I woke up this Christmas morning dreaming of a 100 lb salmon. It wasn’t actually me who encountered the fish, but someone else. This man told me that he had encountered a true 100lb salmon, and had then lost it. He had a number of blurred photographs showing what appeared to be a humungous fish, nearly the size of a small shark. By a clever sleight of the unconscious, I then transferred this story onto me, and the next thing I knew, I was playing this enormous fish, and shouting to my friend, Michael Mann, that he must take a photograph of it when next it leaped. Thus go wish fulfilment fantasies. I had a lovely time fantasising about playing the fish, but didn’t actually have the metaphorical balls to land it. It wasn’t really my fish for a start, bearing in mind that I had seconded it from another - okay, let’s face it - aspect of myself. One might probably call this the ‘wannabe’ aspect.

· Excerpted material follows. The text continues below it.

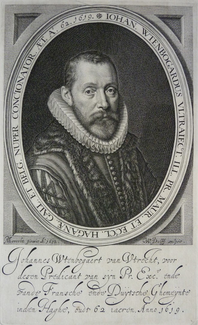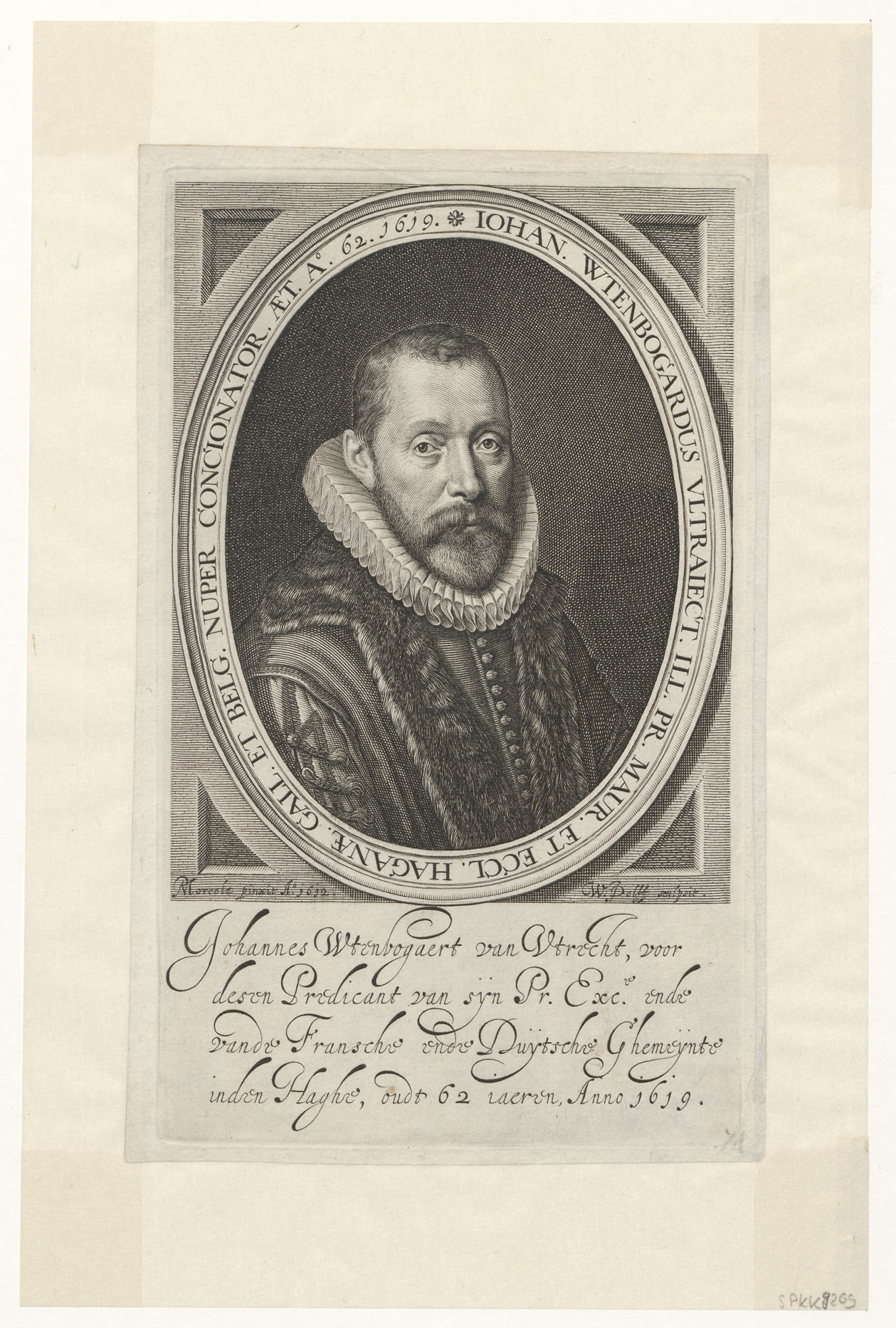 Borstbeeld naar rechts. In ovaal met randschrift 'Iohan Wtenbogardus vltratract. ill. pr. maur. et eccl. haganae. gall. et belg. nuper concionator aet. a 62 1619'. Vierregelig onderschrift: 'Johannes Wtenbogaert van Utrecht...'.

I did once catch a 47 lb salmon on the Lochy, whilst conducting out-of-season broodstock fishing for the hatchery. The fish took me nearly an hour to get into the net, an event both witnessed and aided by fellow fisherman Humphrey Stone, who had the good sense and presence of mind to insist we measure the fish three times. So I do know what it feels like to have a mammoth fish on the end of one’s line, and then let it go. Being a sometime writer about dreams [The Watkins Dictionary of Dreams 2007], it also occurred to me that something must have triggered the dream. Then I remembered that at Christmas Eve dinner at Michael Mann’s house, I had briefly seen a book about super-large salmon - thus both his and the salmon’s appearance in my dream.

Fish, in dreams, also tend to have mystical connotations, and Michael and I had had a discussion, that same evening, about Ramesh Balsekar’s book, Enlightened States, and we had also read a number of poems to the room-at-large, which included Eliot’s Four Quartets and The Magi, Edward Thomas’s Roads, and Rumi’s quite extraordinary poem which starts ‘What can be done, O Believers, as I do not recognise myself…’. Add to that a visit to Midnight Mass in Tisbury Church, and it’s hardly surprising that my dream thoughts had veered towards the mystical. What was wonderful about Rumi’s poem was that it so perfectly echoed the way I feel about God. Namely that all dogmas are misleading - all theology flawed - all religions expedient. God, as Rumi says in another of his poems, is only in the heart ['Finally, I looked into my own heart and there I saw Him; He was nowhere else.']. This tallies perfectly with my own religious convictions, that may be summed up in four simple words: ‘There is only God’. All the paraphernalia and brouhaha of organised religion seems to me a perfect way of distancing oneself from God. The Midnight Mass service was all very well, and I thoroughly enjoyed it. But God is found in the heart and nowhere else. One doesn’t need church services to conjure him up. One simply needs to love and thank him. And my great fish, of course, was God.